Polylactic acid (PLA) was spun into textiles at the beginning of this century and has attracted global attention. This bio-mass material can replace bulk chemical fiber products produced by the traditional petrochemical industry, such as: five plastics, poly Ester blends...etc.

Recently, as the public's awareness of environmental protection has increased, the spinning formula and manufacturing process of biomass raw materials have attracted attention and vigorously developed new products. Only commonly used organic solvent hot-melt spun filaments, high-temperature melt-blown short filaments or continuous filaments are beneficial to energy saving and reduction. Carbon is trending in the opposite direction.

Therefore, it is necessary to provide a low melting point, solvent-free, multi-functional green biomass composite fiber and its preparation method to solve the above problems.

The main purpose of the present invention is to provide a biomass composite fiber and a manufacturing method thereof. The biomass composite fiber is completely biodegradable.

In order to achieve the above object, the present invention provides a biocomposite fiber, which includes: at least a biopolymer and at least one organic compatibilizer. The at least biopolymer includes polybutylene succinate (Bio-PBS), polylactic acid (PLA) and polybutylene adipate (Poly( butylene adipate-co-terephthalate), PBAT) at least one of them. The at least one organic compatibilizer includes glycerol (Glycerol), Montan wax (Montan wax), polyvinyl alcohol (PVA), Tributyl citrate (TBC) and epoxidized soybean oil, ESO) at least one of them.

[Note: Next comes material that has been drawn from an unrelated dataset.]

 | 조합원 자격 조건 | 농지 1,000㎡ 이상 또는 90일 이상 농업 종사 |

Wherein, in the biomass composite fiber, the weight percentage of the at least biopolymer is not less than 80wt.%, and the weight percentage of the at least one organic compatibilizer is between 1wt.% and 10wt.%.

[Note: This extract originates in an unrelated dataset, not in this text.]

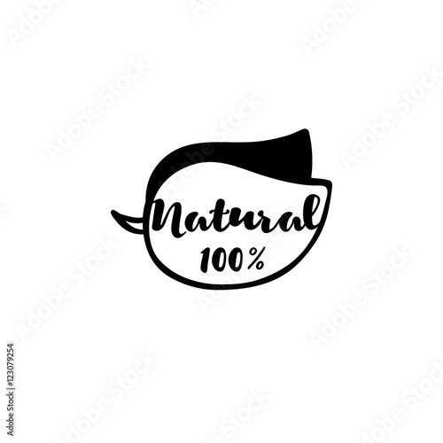 Vector leaf with lettering: natural 100 percent.

In order to achieve the above object, the present invention also provides a method for making biomass composite fibers, which includes the following steps: preparing a premix, which includes no less than 80wt.% of at least biopolymer and 1wt.% to 10wt. % of at least one organic compatibilizer; heat and melt the premix to form a melt; and spin the melt to form biomass composite fibers. Wherein, the at least one biopolymer includes one material selected from at least one of polybutylene succinate, polylactic acid and polybutylene adipate-terephthalol; the at least one organic compatibilizer It includes at least one material selected from the group consisting of glycerin, montan wax, polyvinyl alcohol, butyric acid citrate and epoxidized soybean oil.

The following examples are only used to illustrate the possible implementation modes of the present invention, but are not intended to limit the scope of protection of the present invention.

The biocomposite fiber of the present invention includes at least a biopolymer and at least one organic compatibilizer. The at least biopolymer includes polybutylene succinate (Bio-PBS), polylactic acid (PLA) and polybutylene adipate (Poly( butylene adipate-co-terephthalate), PBAT) at least one of them. The at least one organic compatibilizer includes glycerol (Glycerol), Montan wax (Montan wax), polyvinyl alcohol (PVA), Tributyl citrate (TBC) and epoxidized soybean oil, ESO) at least one of them. Wherein, in the biomass composite fiber, the weight percentage of the at least biopolymer is not less than 80wt.%, and the weight percentage of the at least one organic compatibilizer is between 1wt.% and 10wt.%. Thus, the biocomposite fiber can be applied to a variety of textiles, such as but not limited to clothes, diapers, sanitary napkins, sheets, quilt covers, wet wipes, etc., and can be decomposed and dissolved in normal environments. It disappears completely in the soil. It is completely environmentally friendly, non-toxic and high-quality new material. It meets the requirements of today's green environmental protection and helps maintain the natural ecology and the world trend of sustainable development.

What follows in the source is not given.